Voici mon coeur qui n'a battu qu'en vain.
(Paul Verlaine)


Lescar… tel était son nom. Durant toutes ces années, il ne s’en connut pas d’autres. Depuis ce jour d’hiver glacial, où on l’extirpa d’un fossé, agonisant, exsangue… Du fond de sa couche putride où il dériva des jours entiers, dans un éclair de conscience, un nom s’imposa… Il crut d’abord que c’était le sien et de sa bouche tordue de fièvre, balbutia « Lescar » à l’ombre bienveillante et paisible qui le surplombait. On ne chercha pas plus loin et dans ce village provençal, il fut connu comme Lescar le tisserand. Sous ce nom, il prit racine, construit sa vie, fonda famille…

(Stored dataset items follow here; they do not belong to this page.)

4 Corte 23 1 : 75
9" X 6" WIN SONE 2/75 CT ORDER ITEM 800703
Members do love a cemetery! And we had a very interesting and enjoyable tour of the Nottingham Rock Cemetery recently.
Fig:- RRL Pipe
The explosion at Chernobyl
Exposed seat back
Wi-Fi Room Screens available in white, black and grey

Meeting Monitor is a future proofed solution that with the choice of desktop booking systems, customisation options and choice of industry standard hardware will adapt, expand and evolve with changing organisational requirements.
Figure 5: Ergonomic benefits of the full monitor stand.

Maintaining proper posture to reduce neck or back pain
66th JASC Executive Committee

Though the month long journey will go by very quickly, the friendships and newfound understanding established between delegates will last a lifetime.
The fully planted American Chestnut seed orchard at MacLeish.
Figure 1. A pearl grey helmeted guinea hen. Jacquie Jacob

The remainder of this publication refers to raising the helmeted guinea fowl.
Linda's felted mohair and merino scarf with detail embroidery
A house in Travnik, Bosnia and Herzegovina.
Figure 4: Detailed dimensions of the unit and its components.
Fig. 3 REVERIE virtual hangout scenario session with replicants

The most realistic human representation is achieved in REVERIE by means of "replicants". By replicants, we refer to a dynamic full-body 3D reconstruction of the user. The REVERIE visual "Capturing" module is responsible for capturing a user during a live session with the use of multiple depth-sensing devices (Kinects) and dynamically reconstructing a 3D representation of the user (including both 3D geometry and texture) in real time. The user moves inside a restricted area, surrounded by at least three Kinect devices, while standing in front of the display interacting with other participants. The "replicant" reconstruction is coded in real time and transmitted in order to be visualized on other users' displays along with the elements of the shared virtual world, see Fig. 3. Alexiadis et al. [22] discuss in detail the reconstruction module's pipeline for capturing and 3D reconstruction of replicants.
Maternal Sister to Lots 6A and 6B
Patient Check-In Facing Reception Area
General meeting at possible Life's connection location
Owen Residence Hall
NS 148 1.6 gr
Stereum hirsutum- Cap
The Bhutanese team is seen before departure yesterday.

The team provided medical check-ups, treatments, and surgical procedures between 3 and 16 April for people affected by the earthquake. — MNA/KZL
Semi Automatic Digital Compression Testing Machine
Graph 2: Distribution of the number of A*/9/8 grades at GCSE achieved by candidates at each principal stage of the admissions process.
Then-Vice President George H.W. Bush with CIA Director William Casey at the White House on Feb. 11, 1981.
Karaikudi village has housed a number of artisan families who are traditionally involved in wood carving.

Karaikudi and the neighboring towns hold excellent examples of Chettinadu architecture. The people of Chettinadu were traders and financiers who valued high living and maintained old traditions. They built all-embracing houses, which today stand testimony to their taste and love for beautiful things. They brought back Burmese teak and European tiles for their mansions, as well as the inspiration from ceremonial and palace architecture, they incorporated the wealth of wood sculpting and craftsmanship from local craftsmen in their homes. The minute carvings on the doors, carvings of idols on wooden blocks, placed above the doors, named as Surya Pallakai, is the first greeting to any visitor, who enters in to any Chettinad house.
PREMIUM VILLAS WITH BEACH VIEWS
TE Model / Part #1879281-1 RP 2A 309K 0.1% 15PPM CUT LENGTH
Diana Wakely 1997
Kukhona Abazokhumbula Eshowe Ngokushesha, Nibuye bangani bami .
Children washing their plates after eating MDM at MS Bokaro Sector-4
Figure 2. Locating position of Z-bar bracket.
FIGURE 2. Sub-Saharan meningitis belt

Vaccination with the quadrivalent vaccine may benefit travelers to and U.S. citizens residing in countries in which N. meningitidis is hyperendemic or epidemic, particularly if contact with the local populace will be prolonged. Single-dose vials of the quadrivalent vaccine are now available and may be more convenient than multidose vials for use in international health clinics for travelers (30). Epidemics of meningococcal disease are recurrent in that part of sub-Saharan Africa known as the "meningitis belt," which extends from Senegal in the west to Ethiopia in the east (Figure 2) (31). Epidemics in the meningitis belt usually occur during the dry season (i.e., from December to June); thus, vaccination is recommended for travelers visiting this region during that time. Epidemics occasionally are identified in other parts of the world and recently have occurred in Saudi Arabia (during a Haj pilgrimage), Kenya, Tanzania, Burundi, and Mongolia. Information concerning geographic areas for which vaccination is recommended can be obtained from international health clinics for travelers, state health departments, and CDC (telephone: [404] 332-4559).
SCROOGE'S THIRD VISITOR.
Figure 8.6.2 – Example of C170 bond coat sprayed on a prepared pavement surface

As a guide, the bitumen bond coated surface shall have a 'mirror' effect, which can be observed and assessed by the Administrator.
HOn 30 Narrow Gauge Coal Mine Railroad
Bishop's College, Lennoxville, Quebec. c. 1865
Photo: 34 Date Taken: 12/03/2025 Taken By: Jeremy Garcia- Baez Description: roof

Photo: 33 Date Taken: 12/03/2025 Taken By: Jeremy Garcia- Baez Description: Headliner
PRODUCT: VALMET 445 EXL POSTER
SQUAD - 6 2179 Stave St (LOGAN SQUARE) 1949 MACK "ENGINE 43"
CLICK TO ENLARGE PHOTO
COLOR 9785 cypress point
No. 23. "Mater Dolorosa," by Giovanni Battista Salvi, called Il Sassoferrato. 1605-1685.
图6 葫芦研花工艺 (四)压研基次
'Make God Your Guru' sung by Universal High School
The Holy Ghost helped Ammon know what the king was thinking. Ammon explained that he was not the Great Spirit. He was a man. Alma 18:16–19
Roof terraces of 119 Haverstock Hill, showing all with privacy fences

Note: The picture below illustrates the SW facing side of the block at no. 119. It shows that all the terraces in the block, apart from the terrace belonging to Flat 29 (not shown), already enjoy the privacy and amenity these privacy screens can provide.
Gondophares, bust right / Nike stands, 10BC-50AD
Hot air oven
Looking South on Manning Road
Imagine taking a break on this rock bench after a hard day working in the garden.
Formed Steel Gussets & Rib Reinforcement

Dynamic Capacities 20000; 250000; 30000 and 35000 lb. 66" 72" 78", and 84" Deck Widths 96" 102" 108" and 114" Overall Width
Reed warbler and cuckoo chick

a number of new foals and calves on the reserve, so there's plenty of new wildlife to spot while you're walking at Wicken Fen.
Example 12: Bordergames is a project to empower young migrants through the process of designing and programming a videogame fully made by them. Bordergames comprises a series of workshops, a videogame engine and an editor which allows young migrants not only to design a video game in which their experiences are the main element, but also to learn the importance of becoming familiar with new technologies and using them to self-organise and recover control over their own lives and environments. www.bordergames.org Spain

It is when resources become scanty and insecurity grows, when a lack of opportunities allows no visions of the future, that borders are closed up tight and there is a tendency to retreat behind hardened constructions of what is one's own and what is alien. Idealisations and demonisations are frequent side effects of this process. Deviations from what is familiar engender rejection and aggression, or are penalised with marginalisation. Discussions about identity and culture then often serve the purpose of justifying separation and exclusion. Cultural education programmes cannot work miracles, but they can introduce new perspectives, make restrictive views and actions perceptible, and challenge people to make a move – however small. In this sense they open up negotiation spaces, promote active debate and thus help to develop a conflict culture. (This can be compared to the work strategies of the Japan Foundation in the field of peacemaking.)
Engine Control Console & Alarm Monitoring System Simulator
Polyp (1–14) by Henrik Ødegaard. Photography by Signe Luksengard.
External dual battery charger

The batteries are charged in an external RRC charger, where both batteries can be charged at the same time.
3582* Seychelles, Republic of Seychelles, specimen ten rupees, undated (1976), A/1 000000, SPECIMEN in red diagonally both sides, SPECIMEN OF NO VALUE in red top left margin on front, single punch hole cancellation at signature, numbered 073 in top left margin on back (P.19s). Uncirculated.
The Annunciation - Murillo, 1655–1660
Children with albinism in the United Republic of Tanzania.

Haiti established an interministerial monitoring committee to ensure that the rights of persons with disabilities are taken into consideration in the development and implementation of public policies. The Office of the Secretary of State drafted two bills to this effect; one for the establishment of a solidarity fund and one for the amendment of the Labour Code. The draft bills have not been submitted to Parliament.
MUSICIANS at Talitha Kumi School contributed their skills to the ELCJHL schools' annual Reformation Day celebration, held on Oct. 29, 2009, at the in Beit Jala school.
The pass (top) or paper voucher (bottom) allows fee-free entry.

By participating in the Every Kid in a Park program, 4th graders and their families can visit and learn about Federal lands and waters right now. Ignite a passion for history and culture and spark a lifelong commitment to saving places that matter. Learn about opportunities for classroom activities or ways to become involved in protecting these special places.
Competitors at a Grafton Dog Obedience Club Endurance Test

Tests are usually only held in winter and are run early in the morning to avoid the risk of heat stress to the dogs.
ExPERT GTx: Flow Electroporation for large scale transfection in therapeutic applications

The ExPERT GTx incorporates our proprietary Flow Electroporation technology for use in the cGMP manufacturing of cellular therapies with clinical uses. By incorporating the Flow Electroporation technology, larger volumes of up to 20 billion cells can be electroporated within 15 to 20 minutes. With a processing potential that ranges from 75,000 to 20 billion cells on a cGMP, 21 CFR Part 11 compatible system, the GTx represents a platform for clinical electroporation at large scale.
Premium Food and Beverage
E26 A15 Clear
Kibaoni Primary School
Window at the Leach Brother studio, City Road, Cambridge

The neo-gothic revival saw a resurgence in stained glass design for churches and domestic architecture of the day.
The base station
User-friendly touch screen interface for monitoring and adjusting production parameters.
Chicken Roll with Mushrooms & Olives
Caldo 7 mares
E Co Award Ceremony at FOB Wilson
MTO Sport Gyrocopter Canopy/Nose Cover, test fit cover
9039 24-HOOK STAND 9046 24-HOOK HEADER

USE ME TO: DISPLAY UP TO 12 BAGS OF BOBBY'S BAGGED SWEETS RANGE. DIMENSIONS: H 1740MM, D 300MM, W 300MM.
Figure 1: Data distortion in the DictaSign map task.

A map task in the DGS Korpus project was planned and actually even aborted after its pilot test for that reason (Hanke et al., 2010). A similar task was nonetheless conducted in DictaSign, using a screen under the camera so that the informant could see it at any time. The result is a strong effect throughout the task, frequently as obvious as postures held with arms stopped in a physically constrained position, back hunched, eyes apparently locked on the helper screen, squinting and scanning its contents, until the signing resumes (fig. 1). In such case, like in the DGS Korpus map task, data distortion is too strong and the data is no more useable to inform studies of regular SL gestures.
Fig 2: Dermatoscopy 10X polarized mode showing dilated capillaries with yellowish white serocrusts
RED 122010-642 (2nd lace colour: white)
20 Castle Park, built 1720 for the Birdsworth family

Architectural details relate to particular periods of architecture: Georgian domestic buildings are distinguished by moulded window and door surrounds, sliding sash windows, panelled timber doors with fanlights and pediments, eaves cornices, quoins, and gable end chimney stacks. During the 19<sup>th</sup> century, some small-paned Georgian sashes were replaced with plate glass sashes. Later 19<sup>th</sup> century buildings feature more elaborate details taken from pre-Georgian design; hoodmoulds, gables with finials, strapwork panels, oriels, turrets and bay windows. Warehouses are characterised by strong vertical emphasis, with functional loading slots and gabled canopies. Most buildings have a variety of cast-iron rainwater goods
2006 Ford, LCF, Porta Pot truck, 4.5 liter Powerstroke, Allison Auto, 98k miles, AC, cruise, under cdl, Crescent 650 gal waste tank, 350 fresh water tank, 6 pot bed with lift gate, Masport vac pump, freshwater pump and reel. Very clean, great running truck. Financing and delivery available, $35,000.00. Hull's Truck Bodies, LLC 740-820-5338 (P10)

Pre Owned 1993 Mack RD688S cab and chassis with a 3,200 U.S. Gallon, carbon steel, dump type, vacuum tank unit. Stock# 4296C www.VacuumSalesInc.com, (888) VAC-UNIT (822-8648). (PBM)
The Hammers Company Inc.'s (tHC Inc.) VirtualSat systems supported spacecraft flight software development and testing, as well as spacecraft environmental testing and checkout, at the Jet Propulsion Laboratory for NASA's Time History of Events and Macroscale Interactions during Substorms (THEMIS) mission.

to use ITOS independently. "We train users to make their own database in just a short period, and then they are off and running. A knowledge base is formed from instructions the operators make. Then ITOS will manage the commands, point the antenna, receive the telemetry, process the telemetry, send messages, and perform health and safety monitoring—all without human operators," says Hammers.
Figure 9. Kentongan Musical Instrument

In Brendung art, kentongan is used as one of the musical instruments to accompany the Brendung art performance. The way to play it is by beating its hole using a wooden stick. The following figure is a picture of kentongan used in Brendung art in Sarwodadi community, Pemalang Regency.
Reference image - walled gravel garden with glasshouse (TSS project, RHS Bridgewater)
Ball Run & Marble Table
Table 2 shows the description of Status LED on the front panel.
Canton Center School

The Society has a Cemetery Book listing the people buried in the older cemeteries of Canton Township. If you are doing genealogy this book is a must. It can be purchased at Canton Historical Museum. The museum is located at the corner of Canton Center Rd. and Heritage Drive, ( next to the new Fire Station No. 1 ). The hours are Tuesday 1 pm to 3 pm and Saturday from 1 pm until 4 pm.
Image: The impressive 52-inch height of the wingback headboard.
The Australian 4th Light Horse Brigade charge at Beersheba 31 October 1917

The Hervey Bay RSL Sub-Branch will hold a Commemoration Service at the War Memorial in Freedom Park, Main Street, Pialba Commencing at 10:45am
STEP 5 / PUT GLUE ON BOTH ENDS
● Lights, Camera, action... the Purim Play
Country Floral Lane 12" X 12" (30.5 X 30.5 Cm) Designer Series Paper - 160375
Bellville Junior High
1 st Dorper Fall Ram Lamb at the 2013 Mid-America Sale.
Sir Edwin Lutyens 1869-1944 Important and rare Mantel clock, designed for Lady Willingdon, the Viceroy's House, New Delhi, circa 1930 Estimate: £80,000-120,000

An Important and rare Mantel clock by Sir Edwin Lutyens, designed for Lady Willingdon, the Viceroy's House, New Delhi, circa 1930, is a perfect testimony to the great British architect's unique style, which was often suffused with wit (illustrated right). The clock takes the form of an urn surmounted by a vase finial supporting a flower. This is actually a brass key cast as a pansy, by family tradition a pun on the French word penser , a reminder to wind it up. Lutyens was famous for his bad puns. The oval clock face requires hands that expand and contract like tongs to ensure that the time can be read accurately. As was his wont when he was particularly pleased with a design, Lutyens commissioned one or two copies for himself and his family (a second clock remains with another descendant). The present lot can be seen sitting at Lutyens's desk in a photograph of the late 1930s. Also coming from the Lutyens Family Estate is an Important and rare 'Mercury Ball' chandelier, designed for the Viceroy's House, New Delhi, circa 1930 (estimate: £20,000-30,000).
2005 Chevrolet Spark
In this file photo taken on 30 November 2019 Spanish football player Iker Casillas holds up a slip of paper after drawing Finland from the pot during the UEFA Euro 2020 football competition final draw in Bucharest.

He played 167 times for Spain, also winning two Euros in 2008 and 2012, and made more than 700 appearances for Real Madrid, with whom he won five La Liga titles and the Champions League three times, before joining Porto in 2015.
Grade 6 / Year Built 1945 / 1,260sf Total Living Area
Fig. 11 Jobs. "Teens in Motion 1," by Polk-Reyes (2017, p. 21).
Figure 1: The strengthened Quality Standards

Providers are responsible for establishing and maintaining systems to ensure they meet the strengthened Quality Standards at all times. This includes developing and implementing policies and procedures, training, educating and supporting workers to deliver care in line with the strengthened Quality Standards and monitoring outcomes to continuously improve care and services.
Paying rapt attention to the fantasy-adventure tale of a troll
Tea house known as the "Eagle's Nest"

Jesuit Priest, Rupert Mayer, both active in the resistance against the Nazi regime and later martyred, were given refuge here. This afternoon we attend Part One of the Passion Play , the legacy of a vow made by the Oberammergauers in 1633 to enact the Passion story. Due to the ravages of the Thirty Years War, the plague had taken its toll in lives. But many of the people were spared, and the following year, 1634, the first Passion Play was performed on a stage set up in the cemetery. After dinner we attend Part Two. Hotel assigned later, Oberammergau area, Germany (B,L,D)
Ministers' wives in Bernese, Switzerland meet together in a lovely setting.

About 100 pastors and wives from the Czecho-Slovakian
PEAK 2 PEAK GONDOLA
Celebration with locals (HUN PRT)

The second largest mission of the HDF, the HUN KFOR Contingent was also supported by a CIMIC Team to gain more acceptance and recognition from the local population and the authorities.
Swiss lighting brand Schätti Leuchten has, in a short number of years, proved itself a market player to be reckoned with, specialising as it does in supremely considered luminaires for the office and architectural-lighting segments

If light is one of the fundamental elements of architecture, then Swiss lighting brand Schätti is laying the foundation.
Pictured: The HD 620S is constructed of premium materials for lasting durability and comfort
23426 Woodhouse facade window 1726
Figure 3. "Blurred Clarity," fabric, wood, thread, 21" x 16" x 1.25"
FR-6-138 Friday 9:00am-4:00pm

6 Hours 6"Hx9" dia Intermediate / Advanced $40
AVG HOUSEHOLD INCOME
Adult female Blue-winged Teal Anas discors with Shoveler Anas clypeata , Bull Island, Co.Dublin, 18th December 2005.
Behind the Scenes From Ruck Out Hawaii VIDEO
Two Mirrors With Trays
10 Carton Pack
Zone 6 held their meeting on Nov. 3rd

Mais en lui vibraient d’autres sensations…terres de contradiction… remugles d’une vie antérieure… scories d’un passé obscur… Elles l’agitaient, le trouvaient en sueur, bouche sèche, yeux béants au cœur de la nuit. Il les chassait d’un revers de pensée, les noyaient parfois dans le mauvais vin de la pire taverne, se cassait le dos à la tâche pour oublier qu’il avait tout oublié.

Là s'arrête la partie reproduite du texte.